В такие моменты Каспер жалел, что он именно биоробот. Страх, что его стошнит, подстегивал тошноту еще сильнее.
Когда они выходили из кабинета, Каспер, закрывая дверь, стукнул по ней два раза. Два раза — значит, можно идти за ним. Один раз — что-то пошло не так, идти нельзя. В темноте коридоров тут и там, вжавшись в стены, стояли ученики «Люксферо».

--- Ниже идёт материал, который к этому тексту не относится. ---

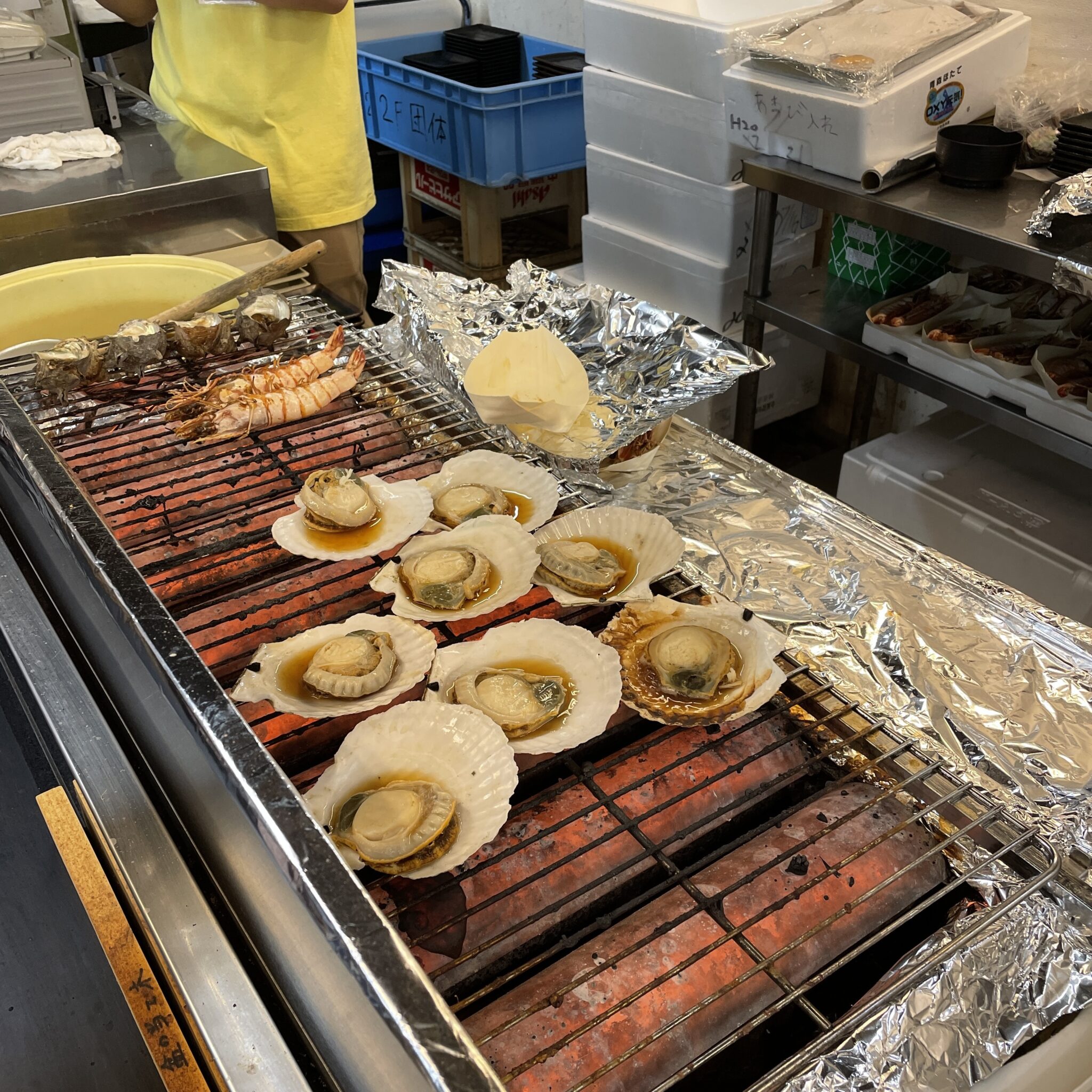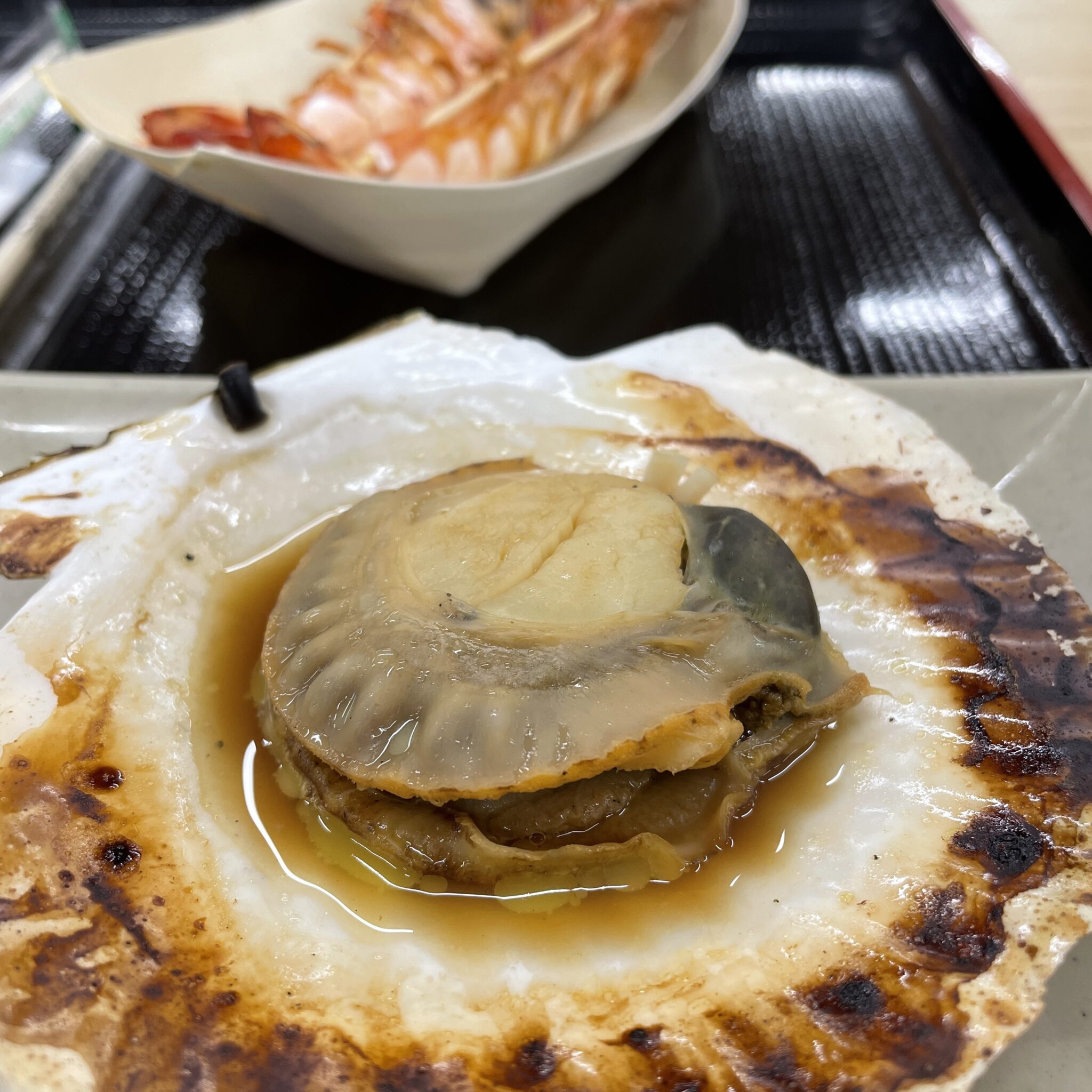 目の前で海鮮焼きをしているお店がフードコートにあります。焼き立てを買ってすぐに食べられます!

На четвертом этаже, когда Кавальканти остановился перед дверью, Каспер напрягся: это был решающий момент. Он знал: где-то за ним, по пятам, идут Алек и Иво — должны идти, они так договаривались. Он их не видел, не слышал и не чувствовал: это было хорошо — им нельзя попадаться. И в то же время это заставляло нервничать: а вдруг не идут? Вдруг всё пошло не по плану? Он уже устал проходить через этот ад ради ничего. Каждый раз он ждал за свои муки обещанного спасения, а спасение не приходило.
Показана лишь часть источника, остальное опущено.